Reputation: 45
I've been trying without success to find a way to create an "average_gain_up" in python and have gotten a bit stuck. Being new to groupby there is something of how it is treating functions that i've not managed to grasp so any intuition behind how to think through these types of problems would be helpful.
Problem: Create a rolling 14 day sum, only summing if the value is >0 .
new=pd.DataFrame([[1,-2,3,-2,4,5],['a','a','a','b','b','b']])
new= new.T #transposing into a friendly groupby format
#Group by a or b, filter to only have positive values and then sum rolling, we
keep NAs to ensure the sum is ran over 14 values.
groupby=new.groupby(1)[0].filter(lambda x: x>0,dropna=False).rolling(14).sum()
Intended Sum Frame:
x.all()/len(x) result:
this throws a type error "the filter must return a boolean result" . from reading other answers, I understand as i'm asking if a series/frame is superior to 0 . The above code works with len(x), again makes sense in that context.
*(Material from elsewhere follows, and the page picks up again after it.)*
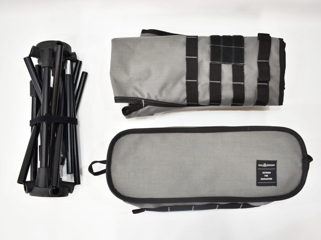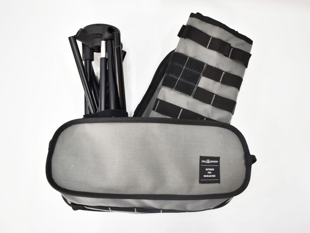ダブルフレームを採用し、ねじり剛性を高めたコンパクトフォールディングチェア。座面は贅沢にダブルレイヤーを採用、生地の引張強度を高めました。また各所にポケットやモールテープを配置。使用シーンに合わせ拡張性を持たせたモデルです。
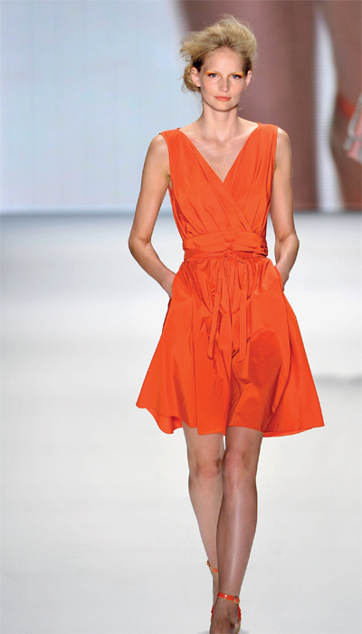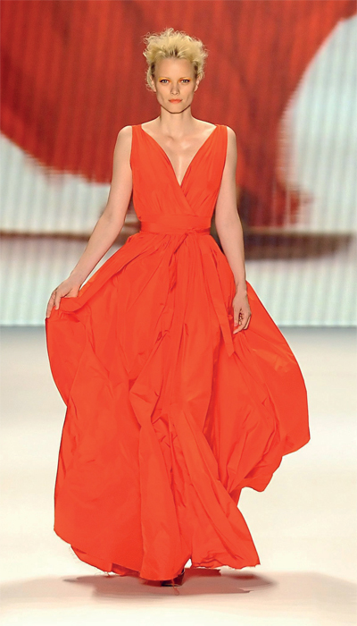 عارضات يقدمن آخر ابتكارات دار الأزياء«مينكس» للمصممة إيفا لوتز، التي ركزت على ألوان مثل الأحمر والوردي الفاتح والرمادي والأسود، وذلك خلال أسبوع برلين للموضة لربيع وصيف ،2012 الأسبوع الماضي

i tried with all() as well but it doesn't behave as intended. the .all() functions returns a single boolean per group and the sum is then just a simple rolling sum.
i've tried creating a list of booleans to say which values are positive and which are not but that also yields an error, this time i'm not sure why.
groupby1=new.groupby(1)[0]
groupby2=[y>0 for x in groupby1 for y in x[1] ]
groupby_try=new.groupby(1)[0].filter(lambda x:groupby2,dropna=False).rolling(2).sum()
1) how do i make the above code work and what is wrong in how i am thinking about it ?
2) is this the "best Practice" way to do these types of operations ?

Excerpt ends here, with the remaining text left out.